> **What is needed**
Below are entries with pictures among them; reproduce exactly, and only, the lines from the one containing "兩親性環(huán)糊精不僅" down to the one containing "Hagestue i tre.", without the pictures.

> **Supplied information**
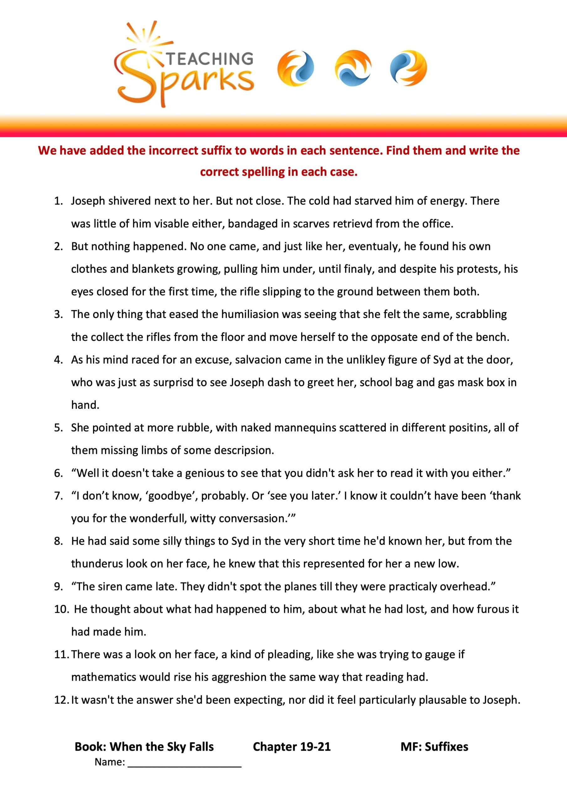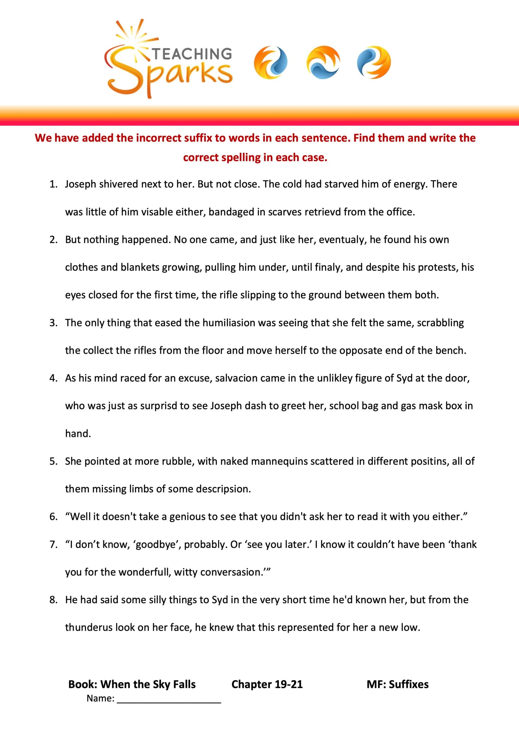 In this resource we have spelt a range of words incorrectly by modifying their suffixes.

* * *

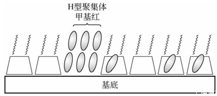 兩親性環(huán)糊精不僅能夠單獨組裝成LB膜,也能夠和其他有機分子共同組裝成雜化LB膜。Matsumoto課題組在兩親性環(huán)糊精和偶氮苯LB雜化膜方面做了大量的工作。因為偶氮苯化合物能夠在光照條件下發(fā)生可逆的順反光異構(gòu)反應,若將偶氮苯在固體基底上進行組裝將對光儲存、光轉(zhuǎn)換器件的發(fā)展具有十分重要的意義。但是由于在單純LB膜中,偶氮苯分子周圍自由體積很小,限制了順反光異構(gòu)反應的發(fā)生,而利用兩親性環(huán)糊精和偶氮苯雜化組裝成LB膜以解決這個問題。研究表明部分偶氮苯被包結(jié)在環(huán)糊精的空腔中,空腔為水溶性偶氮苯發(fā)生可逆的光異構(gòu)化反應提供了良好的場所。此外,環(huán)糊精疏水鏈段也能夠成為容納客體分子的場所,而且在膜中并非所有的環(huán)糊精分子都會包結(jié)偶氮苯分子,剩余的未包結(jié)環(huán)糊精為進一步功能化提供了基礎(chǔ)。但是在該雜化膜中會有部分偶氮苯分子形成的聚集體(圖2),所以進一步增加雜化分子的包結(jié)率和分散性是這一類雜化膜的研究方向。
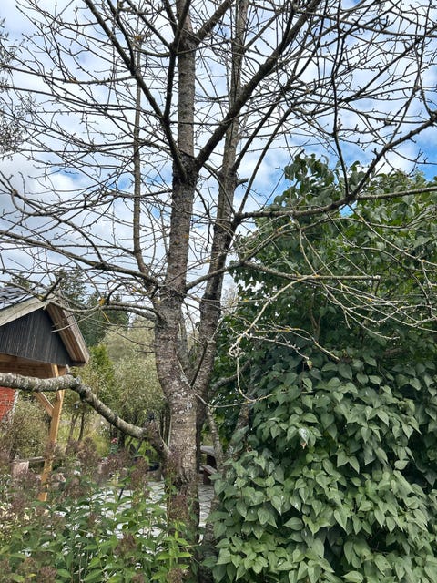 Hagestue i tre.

> **Task answer**
 兩親性環(huán)糊精不僅能夠單獨組裝成LB膜,也能夠和其他有機分子共同組裝成雜化LB膜。Matsumoto課題組在兩親性環(huán)糊精和偶氮苯LB雜化膜方面做了大量的工作。因為偶氮苯化合物能夠在光照條件下發(fā)生可逆的順反光異構(gòu)反應,若將偶氮苯在固體基底上進行組裝將對光儲存、光轉(zhuǎn)換器件的發(fā)展具有十分重要的意義。但是由于在單純LB膜中,偶氮苯分子周圍自由體積很小,限制了順反光異構(gòu)反應的發(fā)生,而利用兩親性環(huán)糊精和偶氮苯雜化組裝成LB膜以解決這個問題。研究表明部分偶氮苯被包結(jié)在環(huán)糊精的空腔中,空腔為水溶性偶氮苯發(fā)生可逆的光異構(gòu)化反應提供了良好的場所。此外,環(huán)糊精疏水鏈段也能夠成為容納客體分子的場所,而且在膜中并非所有的環(huán)糊精分子都會包結(jié)偶氮苯分子,剩余的未包結(jié)環(huán)糊精為進一步功能化提供了基礎(chǔ)。但是在該雜化膜中會有部分偶氮苯分子形成的聚集體(圖2),所以進一步增加雜化分子的包結(jié)率和分散性是這一類雜化膜的研究方向。
 Hagestue i tre.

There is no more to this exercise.